Twelve weeks later, I went public with co-workers and some professional acquaintances.

Happy to talk about it

I marshaled some snappy comebacks in case anybody had a problem with my single-motherhood choice.

But nobody did. The only funny reaction I had was from people who clearly were dying to know about the donor and the insemination process. They struggled to ask their questions without appearing unseemly.

I'm happy to talk about it.

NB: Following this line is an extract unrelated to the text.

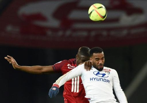 | Duel aérien entre le Lilloi, Adama Soumaoro (gauche), et le Lyonnais, Alexandre Lacazette, le 21 février au stade Pierre Mauroy |
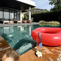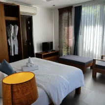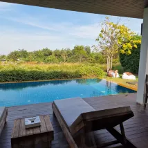 Good accommodation, a pool villa style, large and wide swimming pool, quiet, peaceful, very good service staff. Breakfast is served at the villa with many options to choose from. There is a welcome drink and snack and good night drink as well.

I want my daughter to know there is nothing embarrassing about her origins.

Only once during my pregnancy did I encounter the question, "What does your husband do?" My reply, "Oh, I'm a single mother, by choice," seemed to surprise the questioner, but that was it.

On Nov. 24, 2009, two days early, Avery June Dyer was born.

And while it has not been easy - I never expected it to be - since that day I have not felt alone, or lonely, thanks to my friends and family.

I'm not sure what the future holds, but not once have I questioned my decision. I'm sure many challenging times lie ahead, but I have no doubt that Avery and I can face them together.

Leigh Dyer is editor of SouthPark and Lake Norman magazines, which are published by the Observer.